Having a good retired life is a concern for a majority of the Indians, as retirement planning is often not taken seriously at the right age. While all of us look forward to enjoying the fruit of years of hard work we put in during our lifetime, lack of funds too can be a serious problem in one’s retirement phase. Retirement planning means having adequate funds to meet the future requirements and maintaining the present lifestyle. In order to ensure that you can retire comfortably, you need to plan your retirement well.
Below are some of the reasons to explain that ELSS is one of the best retirement planning investments:
1. ELSS Serves Dual Purpose Of Taxation And Investment
Though tax-planning is an important aspect of financial planning many times we compromise on returns receivable on our investments as we are only looking at the product from a tax deduction perspective.
Most products which qualify for tax deduction under Sec 80C are either traditional plans where the returns, in the long run, are much lower. In the long run, equities as an asset class have outperformed all other investment options hence ELSS have superior growth potential.
As retirement is basically a goal for which the planning starts at least 20 to 25 years prior to the actual age of retirement. Hence, ELSS should definitely be one of the products in your investment basket for retirement planning.
2. Diversification Of Your Retirement Fund
Diversification is an imperative part of financial planning. Funds for retirement should also be well diversified. Usually, retirement planning is done around the fixed and secured investments like government bonds and FDs.
ELSS funds give one the much-needed diversification as they invest in equities and at the same time the risk is not as high as investing directly into stock markets.
Read more: ELSS – A Great Tax Saving Option
3. ELSS ROI (Return on investment) Exceeds Inflation
While making investments, one of the most important aspects to keep in mind is whether your investments are providing positive returns after taking the rate of inflation into consideration. In the long run, the value of ₹ 100 would be much lower than what it is today due to inflation.

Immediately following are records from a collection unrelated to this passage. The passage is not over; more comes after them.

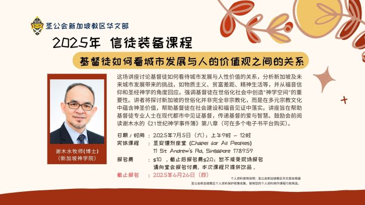讲题: 基督徒如何看城市发展与人的价值观之间的关系
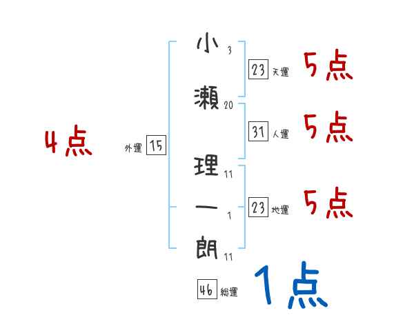 総運![]() | 小瀬理一朗さんの総運は46画の1つ星!迷走することが多く苦労するかも。目先のことにとらわれないように。 あなたの人生を表す1番重要な運勢です。生涯を通じて影響する総合運となり、主に50歳以降の晩年期に影響を及ぼします。 |
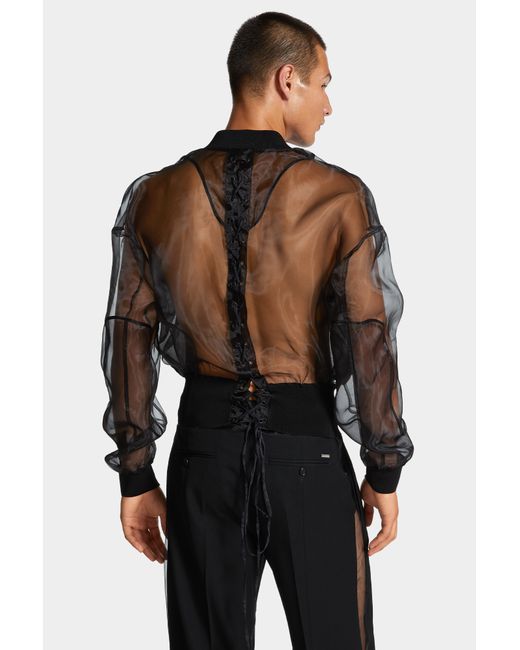 The iconic bomber jacket is reworked in daringly sheer organza for a statement evening look that's guaranteed to turn heads. Maxi utility pockets on the front contrast with corset-style ties on the back.
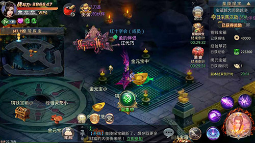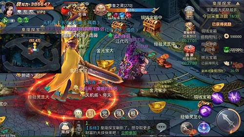 进入皇陵后,金光闪闪,让小编的眼前一亮,内心止不住的激动。遍地金元宝,铜钱宝箱和经验灵芝,是的,你没听错,是遍地!皇陵内的三种采集物每一样都有,大,中,小之分。就是字面上的意思,大宝箱当然东西更多,每个道友可采集30次宝藏,至于需要采集金元宝还是经验值,道友们可以自由安排好这三十次的机会。
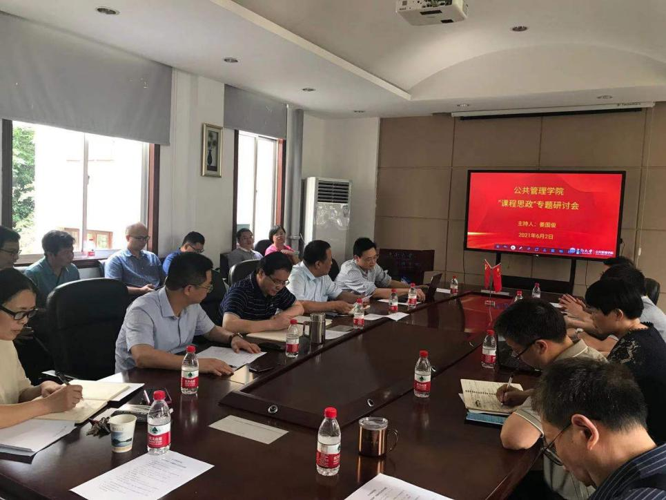 为全面落实立德树人根本任务,构建全员全程全方位育人大格局,充分发挥课堂教学主渠道在高校思想政治工作中的作用,公共管理学院于6月2日下午3:00,在院209会议室召开“课程思政建设研究项目”专题研讨会。学校督导谭希培、杨国忠教授,本科生院聂晓霞老师,学院党委书记刘迪、院长许源源、副院长董海军,学院系所主任与副主任、学院教学委员会成员和教师代表共计20多人参与研讨,会议由姜国俊副院长主持。
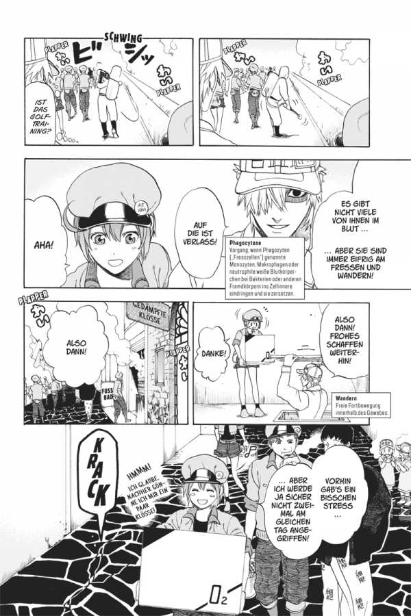 Das rote Blutkörperchen AE3803, bekannt für ihre Tollpatschigkeit und ihren schlechten Orientierungssinn, hat eine neue Aufgabe: Sie soll ein jüngeres rotes Blutkörperchen ausbilden! Wie soll das nur gut gehen? Da stürzt plötzlich eine gefährliche Verletzung den Alltag der Blutzellen unwiederbringlich ins Chaos …

Thus, when you are planning for retirement you have to anticipate inflationary trends. If we look at the average return of ELSS in the last 10 years, their performance has been stellar when considering that their ROI has exceeded inflation at every turn.
4. Easy And Flexible Investments
Investments in ELSS are extremely flexible. Apart from this, investments in tax saver mutual funds can be made by investing in a lump sum or through a SIP to take the benefit of rupee-cost averaging. Many investors prefer to take the SIP option to gain from the option of rupee cost averaging.
5. Professional Management Of Funds
ELSS is managed by fund managers who have years of experience and expertise in selling and buying stock based on extensive research. They use the available funds optimally to ensure that the investments give the best possible returns to the investors. Thus, you will reap the benefits of best in class investments without having to track the market daily or do continuous research.
Therefore, ELSS is an investment that gives endless returns when left over a longer period of time which makes it one of the best investment options for retirement planning.